Writing comes from the inside of your soul, an instinct that was
born with you when you first saw the lights of this world,
something that can never go away…”
Gon
said nothing as he leaned on the doorway of the living room,
watching Lynn with undisturbed eyes. “The first step of writing
a story is really simple.” Lynn was sitting with her legs
crossed, as the Gon in the TV continued to give his speech.

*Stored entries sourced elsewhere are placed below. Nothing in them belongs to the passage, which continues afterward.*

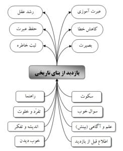 به عنوان مثال تفسیر نمودار ذیل اینگونه است که: برای «بازدید از آثار تاریخی» رعایت نکاتی مانند «سکوت»، «سؤال خوب در هنگام بازدید»، «علم و آگاهی درباره ی ساکنان بنا» و… لازم و ضروری است تا این فعالیت آثار مطلوب را داشته باشد و همچنین از نمودار استفاده می شود که آثار مورد انتظار از انجام این فعالیت مواردی از قبیل «رشد عقل»، «عبرت آموزی»، «ثبت خاطره»، «حفظ عبرت»، «کاهش خطا» و … می باشد.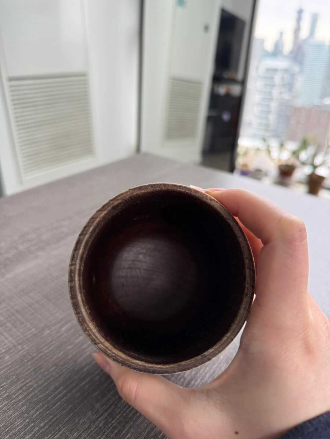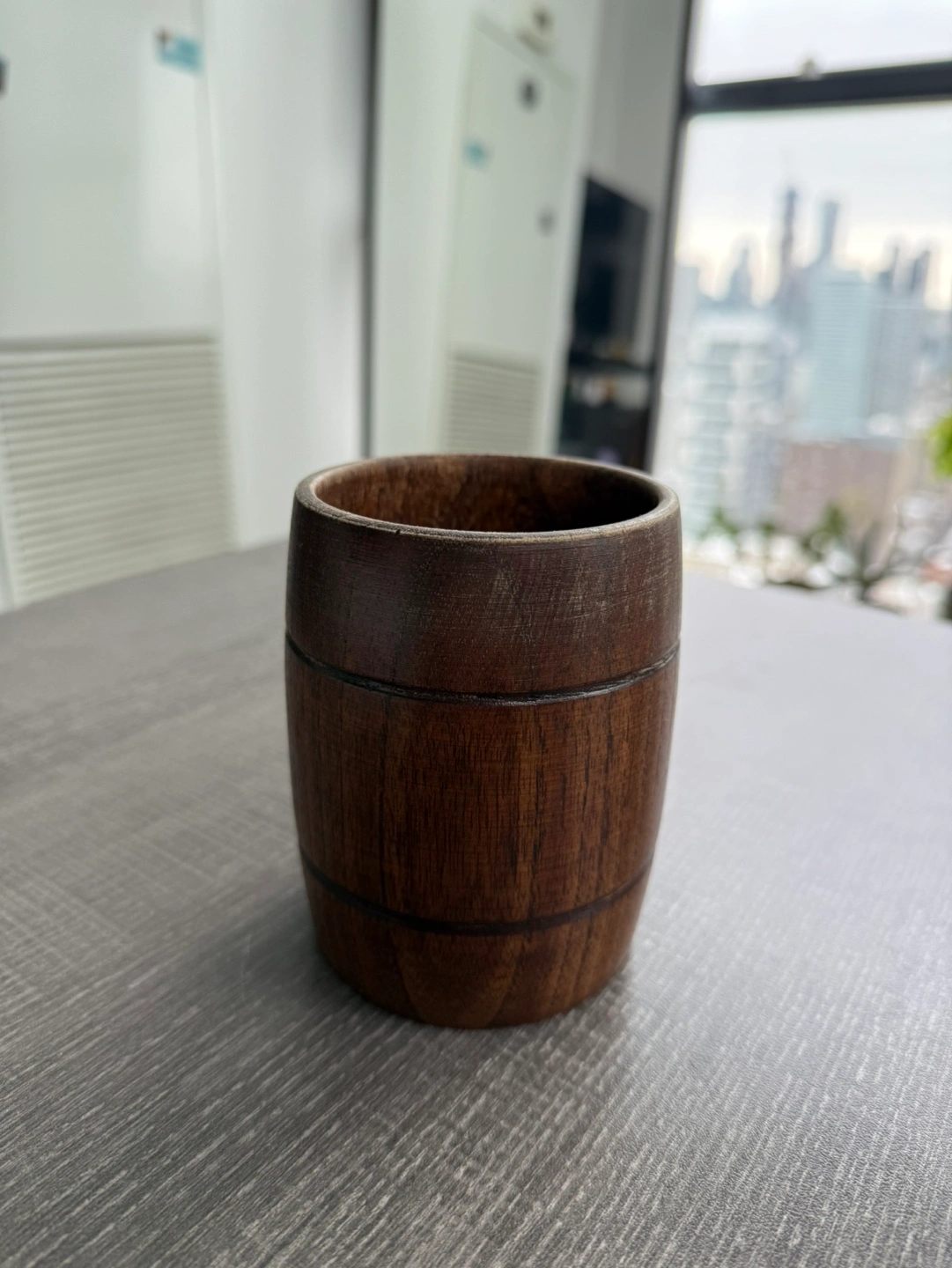 Small, dark brown wooden cup. Barrel-shaped design. Unique and charming. Perfect for small plants or trinkets.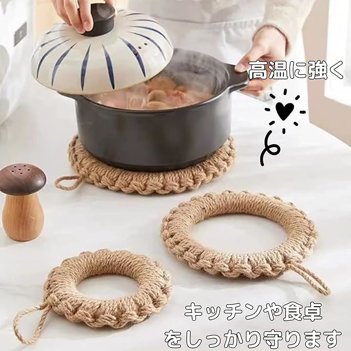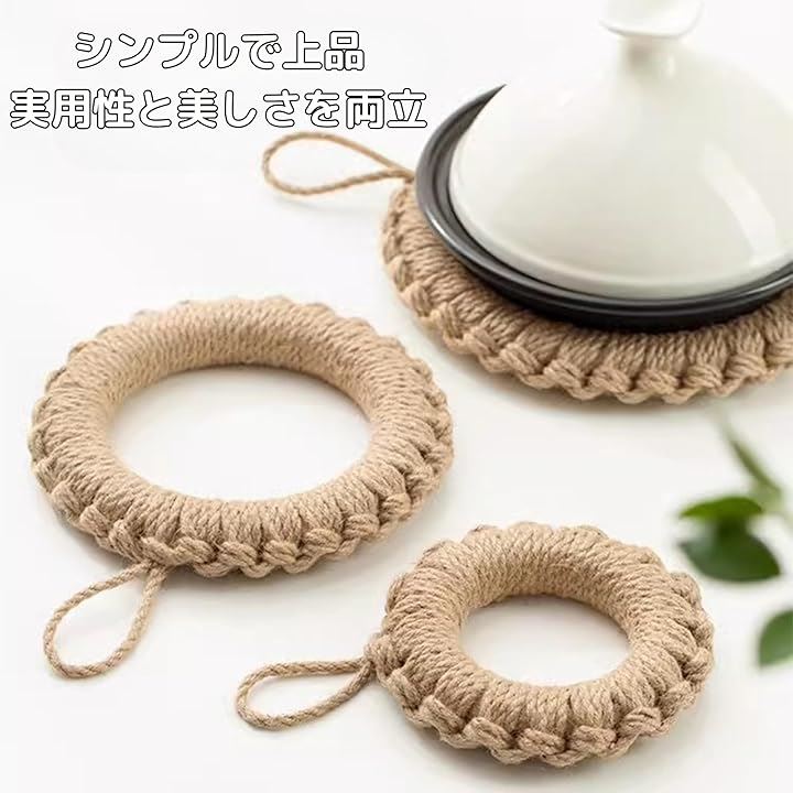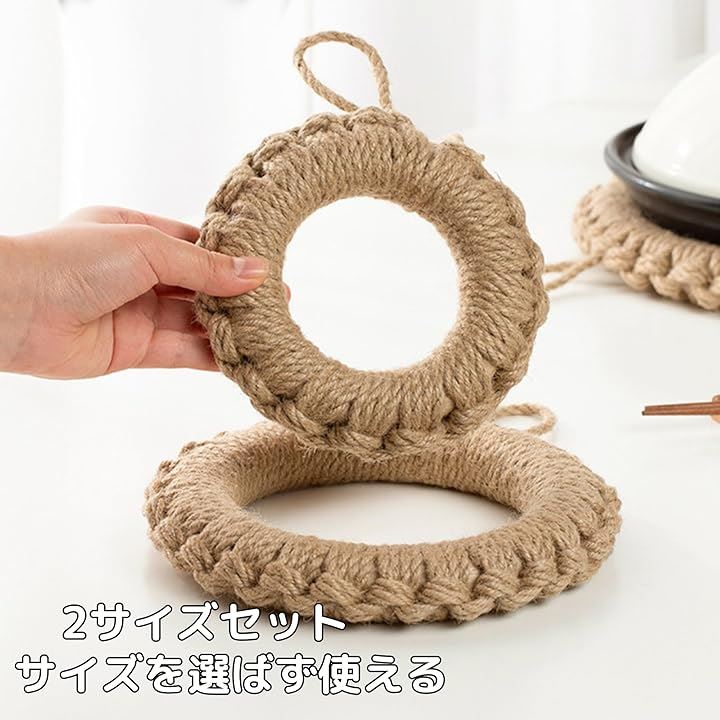 2個セット 釜敷き なべしき 耐熱 フック付き 自然素材 ポットマット シンプル インテリア

“Take a happy and/or normal person, and change his life into the
most miserable one you can think of.” She was wearing nothing
but her pink underwear. She never wore anything when she was at
home. She wasn’t ashamed of the body God had given her.
She
seemed to have sensed his presence, for she turned around and
looked at him.
“Hi.” He smiled
as he said this, her perfume scenting the room.
“Welcome back.” She pointed at the TV. “I didn’t know you did
speeches.”
“It
was a promotional thing,” Gon replied as he let his book bag
drop down onto the floor. “I only did it once.” He paused, as he
stood there, looking at the TV screen.
“Why didn’t you tell me you kept videos of it?”
“I
didn’t. The video is Kara’s.”
“Really? I didn’t know that.”
Gon just nodded as he picked up the plastic video
case, showing Lynn the inside of it. There was an inscription
there, written on the dried lines of white-out: “Kara
Mesiroiben’s property: Gon, you better not throw this away, or
you’ll regret it for the rest of your loser life!!!” It was a
beautiful handwriting, firm and clean.
“…Treat your characters as real human beings,” the TV went on,
as Gon sat by his desk, getting ready to write again. “For they
may be fictional in our world, but they are as real as ourselves
in their own worlds.” The untitled had now grown to three
hundred and some pages, the ending of it slowly nearing.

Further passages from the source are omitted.